Activity:
Repeat each entry exactly. Drop every image.

Records to process:
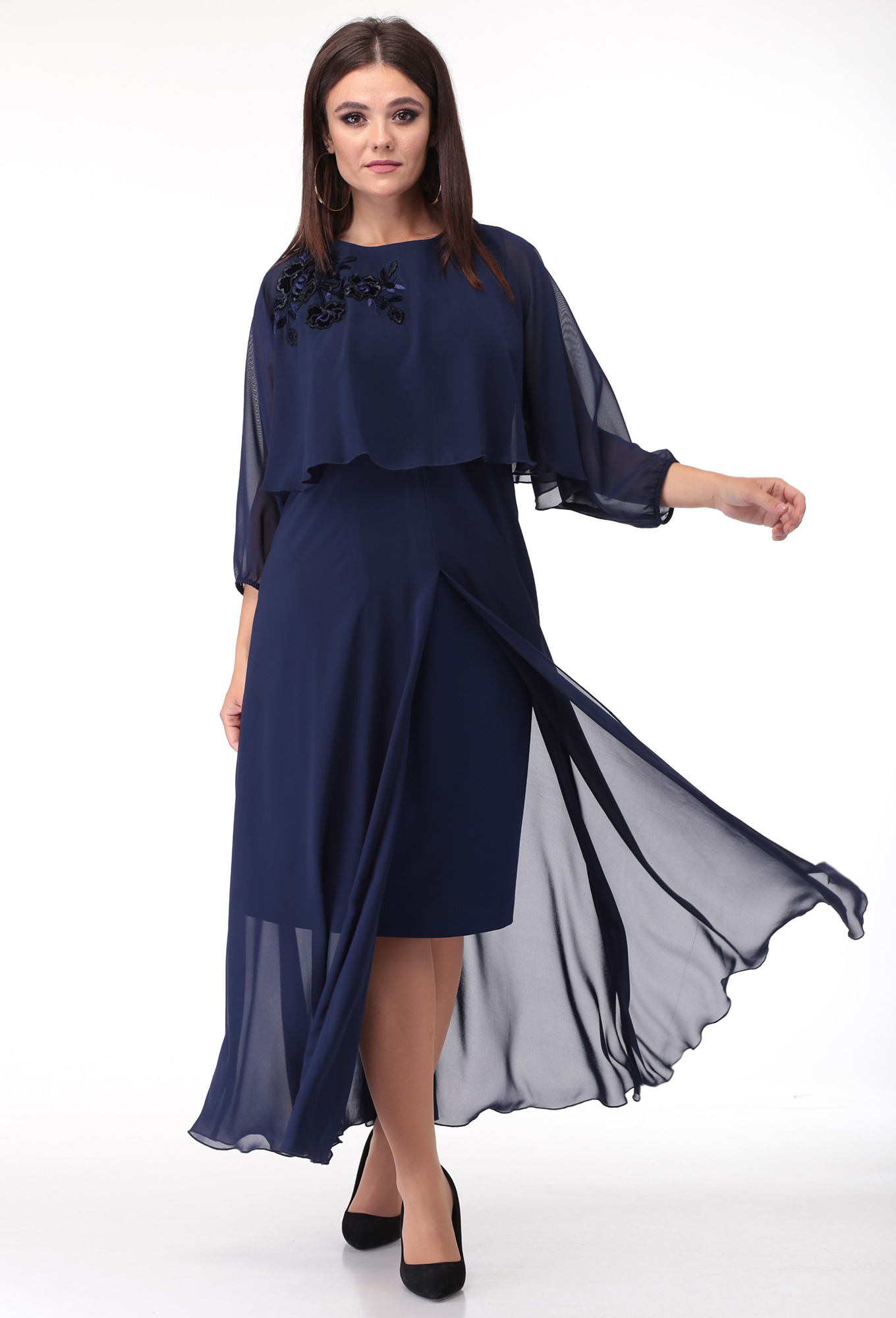 Модель: Анастасия Мак 673 темно-синий..показать Рост: 170 см (девушка на фото ростом 170см) Сезон: всесезонный Тип ткани: 77% ПЭ, 20% Вискоза, 3% Спандекс; 100% ПЭПлатье длиной чуть ниже колена, двухслойное. Платье выполнено из трикотажного однотонного полотна, однотонного шифона и элементов гипюра (вышивка на сетке). Верхняя часть платья двухслойная, лиф-основа с нагрудными вытачками, выходящими от шва притачивания к юбке. Отрезная фигурная асимметричная кокетка в верхней части полочки с наложением гипюра на трикотажное полотно. Рукав втачной, одношовный, слегка ниже линии локтя. Горловина круглой формы. Нижняя часть платья - юбка, притачная, двухслойная. Передняя часть юбки-основы с талиевыми вытачками, задняя часть юбки-основы также с талиевыми вытачками и средним швом, в нижней части которого обработан разрез. Верхняя часть юбки асимметричной формы, выполнена из шифона. Потайная молния обработана в левом боковом шве.
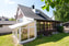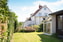 Plan och lättskött trädgård med odlingsmöjligheter med ett växthus.
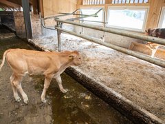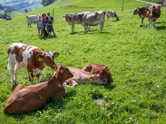 Die Familie Rusch aus Urnäsch AR betreibt Milchwirtschaft und muttergebundene Kälberaufzucht. Die Kälber gehen tagsüber mit den Milchkühen auf die Weide und trinken bei den Muttertieren. Für die Betriebsleiter überwiegen die Vorteile dieses Systems.
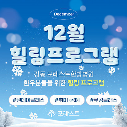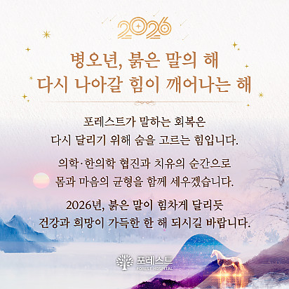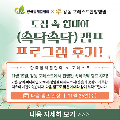 자궁내막암 3기, 박지혜 환우님의 희망일지 ep_1 | 포레스트 환우 이야기 2024.08.08 자궁내막암 3기, 박지혜 환우님의 희망일지 ep_2 | 포레스트 환우 이야기 2024.08.08 자궁내막암 3기, 박지혜 환우님의 희망일지 ep_3 | 포레스트 환우 이야기 2024.08.08 폐암 4기(비소세포암), 서중원 환우님의 희망일지 ep_1 | 포레스트 환우 이야기 2024.08.08 폐암 4기(비소세포암), 서중원 환우님의 희망일지 ep_2 | 포레스트 환우 이야기 2024.08.08 폐암 4기(비소세포암), 서중원 환우님의 희망일지 ep_3 | 포레스트 환우 이야기 2024.08.08 Hot 2026년, 새해 복 많이 받으세요! 지난 한 해 동안 포레스트와 회복의 여정을 함께해 주셔서 진심으로 감사드립니다 2026년 병오년, 붉은 … 2025.12.30 Hot 포레스트 크리스마스 면역 식탁 여러분, 크리스마스는 따뜻하게 보내셨나요? 12월 25일, 포레스트에서는환우분들의 건강과 회복을 응원하는풍성한 크리스… 2025.12.26 Hot 강동 포레스트 힐링프로그램 후기! 강동 포레스트에서는 환우분들을 위한 재미있고 유익한 힐링 프로그램을 진행하고 있습니다. (댄스·원데이 클래스·취미공예·필라… 2025.12.23 Hot 강동 포레스트 12월 연말 특식! 강동 포레스트에서 감사한 마음을 가득 담아 연말·신년 맞이 특별한 식탁을 준비했습니다 특급호텔 출신 Chef팀이 하나하나 … 2025.12.16 Hot [건강정보] 두통에 도움되는 간단한 지압법 소개드립니다. 안녕하세요, 포레스트입니다! ???? 오늘은 두통에 자주 시달리시는 분들을 위해 하루 1분! 가벼운 두통이 있을 때 하면 … 2025.12.10 Hot 12월 강동 포레스트 힐링프로그램 12월 포레스트 힐링프로그램을 소개합니다. 반짝이는 12월, 크리스마스의 기쁨이 가까워지고 있습니다. 차가운 겨울바람 … 2025.12.02 Hot 강동 포레스트, 원예 힐링클래스 후기 강동 포레스트는 11월 24일, 환우분들과 함께 원예 힐링클래스를 진행했습니다. 작은 화분 속 초록빛을 손끝으로 느끼며… 2025.11.27 Hot [건강정보]독감, 감기와 달라요! 감기와 독감, 비슷해 보여도 원인·증상·진행 속도 모두 다르다는 사실 알고 계셨나요? 이번 영상에서는 두 질환의 차이를 딱 … 2025.11.25 Hot 강동 포레스트에서 진행된 속닥속닥 캠프 후기! 11월 19일 강동 포레스트에서 진행된 속닥속닥 캠프! 환우분들의 따뜻한 참여로 더욱 빛났습니다. 마음 강의부터 바디… 2025.11.21 12345 Search 검색대상 제목 내용 제목+내용 회원아이디 회원아이디(코) 글쓴이 글쓴이(코) 검색어 필수
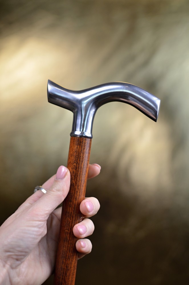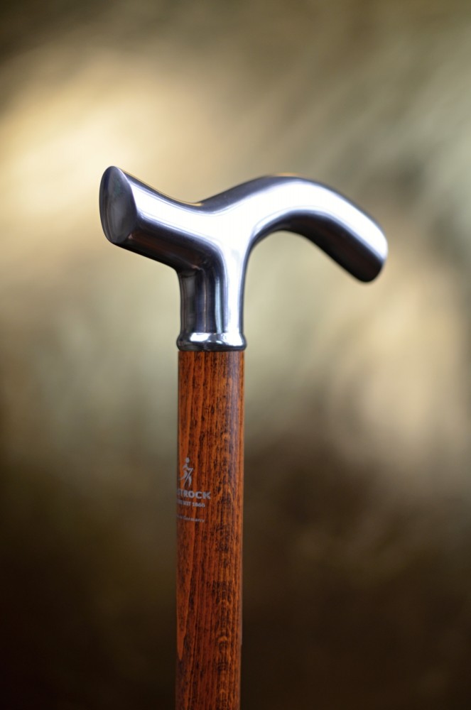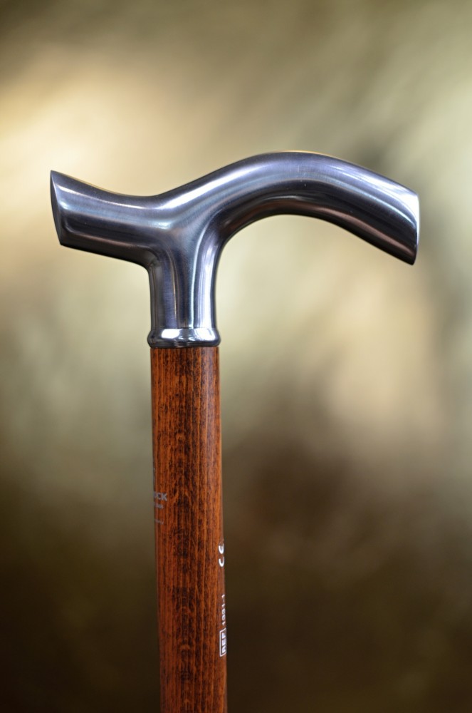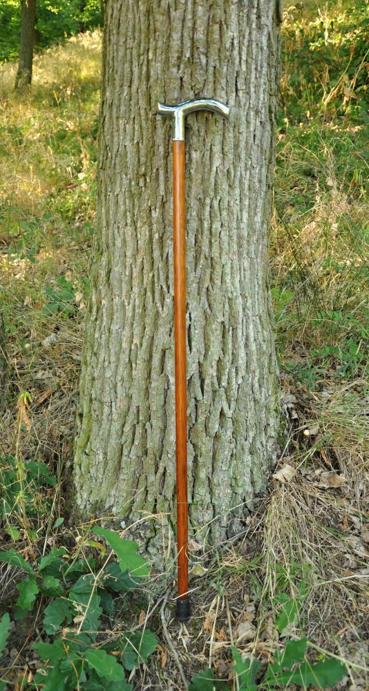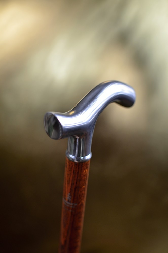 Luxury wooden walking stick with chrome handle. The cane is very light and strong, has a fixed length. The walking stick is made in Germany.

Response below:
 Модель: Анастасия Мак 673 темно-синий..показать Рост: 170 см (девушка на фото ростом 170см) Сезон: всесезонный Тип ткани: 77% ПЭ, 20% Вискоза, 3% Спандекс; 100% ПЭПлатье длиной чуть ниже колена, двухслойное. Платье выполнено из трикотажного однотонного полотна, однотонного шифона и элементов гипюра (вышивка на сетке). Верхняя часть платья двухслойная, лиф-основа с нагрудными вытачками, выходящими от шва притачивания к юбке. Отрезная фигурная асимметричная кокетка в верхней части полочки с наложением гипюра на трикотажное полотно. Рукав втачной, одношовный, слегка ниже линии локтя. Горловина круглой формы. Нижняя часть платья - юбка, притачная, двухслойная. Передняя часть юбки-основы с талиевыми вытачками, задняя часть юбки-основы также с талиевыми вытачками и средним швом, в нижней части которого обработан разрез. Верхняя часть юбки асимметричной формы, выполнена из шифона. Потайная молния обработана в левом боковом шве.
 Plan och lättskött trädgård med odlingsmöjligheter med ett växthus.
 Die Familie Rusch aus Urnäsch AR betreibt Milchwirtschaft und muttergebundene Kälberaufzucht. Die Kälber gehen tagsüber mit den Milchkühen auf die Weide und trinken bei den Muttertieren. Für die Betriebsleiter überwiegen die Vorteile dieses Systems.
 자궁내막암 3기, 박지혜 환우님의 희망일지 ep_1 | 포레스트 환우 이야기 2024.08.08 자궁내막암 3기, 박지혜 환우님의 희망일지 ep_2 | 포레스트 환우 이야기 2024.08.08 자궁내막암 3기, 박지혜 환우님의 희망일지 ep_3 | 포레스트 환우 이야기 2024.08.08 폐암 4기(비소세포암), 서중원 환우님의 희망일지 ep_1 | 포레스트 환우 이야기 2024.08.08 폐암 4기(비소세포암), 서중원 환우님의 희망일지 ep_2 | 포레스트 환우 이야기 2024.08.08 폐암 4기(비소세포암), 서중원 환우님의 희망일지 ep_3 | 포레스트 환우 이야기 2024.08.08 Hot 2026년, 새해 복 많이 받으세요! 지난 한 해 동안 포레스트와 회복의 여정을 함께해 주셔서 진심으로 감사드립니다 2026년 병오년, 붉은 … 2025.12.30 Hot 포레스트 크리스마스 면역 식탁 여러분, 크리스마스는 따뜻하게 보내셨나요? 12월 25일, 포레스트에서는환우분들의 건강과 회복을 응원하는풍성한 크리스… 2025.12.26 Hot 강동 포레스트 힐링프로그램 후기! 강동 포레스트에서는 환우분들을 위한 재미있고 유익한 힐링 프로그램을 진행하고 있습니다. (댄스·원데이 클래스·취미공예·필라… 2025.12.23 Hot 강동 포레스트 12월 연말 특식! 강동 포레스트에서 감사한 마음을 가득 담아 연말·신년 맞이 특별한 식탁을 준비했습니다 특급호텔 출신 Chef팀이 하나하나 … 2025.12.16 Hot [건강정보] 두통에 도움되는 간단한 지압법 소개드립니다. 안녕하세요, 포레스트입니다! ???? 오늘은 두통에 자주 시달리시는 분들을 위해 하루 1분! 가벼운 두통이 있을 때 하면 … 2025.12.10 Hot 12월 강동 포레스트 힐링프로그램 12월 포레스트 힐링프로그램을 소개합니다. 반짝이는 12월, 크리스마스의 기쁨이 가까워지고 있습니다. 차가운 겨울바람 … 2025.12.02 Hot 강동 포레스트, 원예 힐링클래스 후기 강동 포레스트는 11월 24일, 환우분들과 함께 원예 힐링클래스를 진행했습니다. 작은 화분 속 초록빛을 손끝으로 느끼며… 2025.11.27 Hot [건강정보]독감, 감기와 달라요! 감기와 독감, 비슷해 보여도 원인·증상·진행 속도 모두 다르다는 사실 알고 계셨나요? 이번 영상에서는 두 질환의 차이를 딱 … 2025.11.25 Hot 강동 포레스트에서 진행된 속닥속닥 캠프 후기! 11월 19일 강동 포레스트에서 진행된 속닥속닥 캠프! 환우분들의 따뜻한 참여로 더욱 빛났습니다. 마음 강의부터 바디… 2025.11.21 12345 Search 검색대상 제목 내용 제목+내용 회원아이디 회원아이디(코) 글쓴이 글쓴이(코) 검색어 필수
 Luxury wooden walking stick with chrome handle. The cane is very light and strong, has a fixed length. The walking stick is made in Germany.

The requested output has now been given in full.